# WHAT NEEDS TO BE DONE:
Each line from the one with "ごはん、たくあんふりかけ、さばのねぎみそやき、こぶちゃあえ、とりやさいじる、りんご、ぎゅうにゅう | |||" to the final line of the data must be reproduced exactly, and no other line may appear.

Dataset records
---*---
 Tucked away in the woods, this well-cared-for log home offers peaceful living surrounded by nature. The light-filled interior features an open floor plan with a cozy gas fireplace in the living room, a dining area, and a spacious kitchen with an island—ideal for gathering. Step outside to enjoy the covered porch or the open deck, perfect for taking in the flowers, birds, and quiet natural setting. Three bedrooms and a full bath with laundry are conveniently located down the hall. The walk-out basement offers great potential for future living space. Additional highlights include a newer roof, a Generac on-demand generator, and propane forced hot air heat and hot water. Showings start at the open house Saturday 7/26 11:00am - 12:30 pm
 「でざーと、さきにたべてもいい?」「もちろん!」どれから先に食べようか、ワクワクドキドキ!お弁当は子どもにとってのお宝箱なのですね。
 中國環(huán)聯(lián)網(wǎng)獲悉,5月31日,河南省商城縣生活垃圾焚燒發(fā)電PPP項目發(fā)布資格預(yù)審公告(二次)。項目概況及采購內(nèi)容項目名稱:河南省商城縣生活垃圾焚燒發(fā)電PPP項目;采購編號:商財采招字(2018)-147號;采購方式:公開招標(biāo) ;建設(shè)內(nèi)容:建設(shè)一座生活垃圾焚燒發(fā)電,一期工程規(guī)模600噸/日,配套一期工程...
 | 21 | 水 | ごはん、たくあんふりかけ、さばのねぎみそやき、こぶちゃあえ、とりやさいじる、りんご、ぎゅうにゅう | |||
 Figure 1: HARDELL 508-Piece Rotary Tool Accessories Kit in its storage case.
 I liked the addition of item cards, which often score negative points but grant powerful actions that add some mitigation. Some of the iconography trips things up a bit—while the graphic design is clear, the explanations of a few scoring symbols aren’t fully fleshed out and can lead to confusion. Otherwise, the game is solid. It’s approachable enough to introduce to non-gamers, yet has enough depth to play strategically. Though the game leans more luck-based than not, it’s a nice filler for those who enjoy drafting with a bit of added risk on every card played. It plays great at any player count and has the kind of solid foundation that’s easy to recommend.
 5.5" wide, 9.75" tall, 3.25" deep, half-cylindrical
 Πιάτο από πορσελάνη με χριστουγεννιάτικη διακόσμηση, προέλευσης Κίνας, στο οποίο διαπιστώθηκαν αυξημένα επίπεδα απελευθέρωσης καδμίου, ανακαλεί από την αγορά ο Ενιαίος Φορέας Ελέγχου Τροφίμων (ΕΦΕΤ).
---*---
# TASK ANSWER:
 | 21 | 水 | ごはん、たくあんふりかけ、さばのねぎみそやき、こぶちゃあえ、とりやさいじる、りんご、ぎゅうにゅう | |||
 Figure 1: HARDELL 508-Piece Rotary Tool Accessories Kit in its storage case.
 I liked the addition of item cards, which often score negative points but grant powerful actions that add some mitigation. Some of the iconography trips things up a bit—while the graphic design is clear, the explanations of a few scoring symbols aren’t fully fleshed out and can lead to confusion. Otherwise, the game is solid. It’s approachable enough to introduce to non-gamers, yet has enough depth to play strategically. Though the game leans more luck-based than not, it’s a nice filler for those who enjoy drafting with a bit of added risk on every card played. It plays great at any player count and has the kind of solid foundation that’s easy to recommend.
 5.5" wide, 9.75" tall, 3.25" deep, half-cylindrical
 Πιάτο από πορσελάνη με χριστουγεννιάτικη διακόσμηση, προέλευσης Κίνας, στο οποίο διαπιστώθηκαν αυξημένα επίπεδα απελευθέρωσης καδμίου, ανακαλεί από την αγορά ο Ενιαίος Φορέας Ελέγχου Τροφίμων (ΕΦΕΤ).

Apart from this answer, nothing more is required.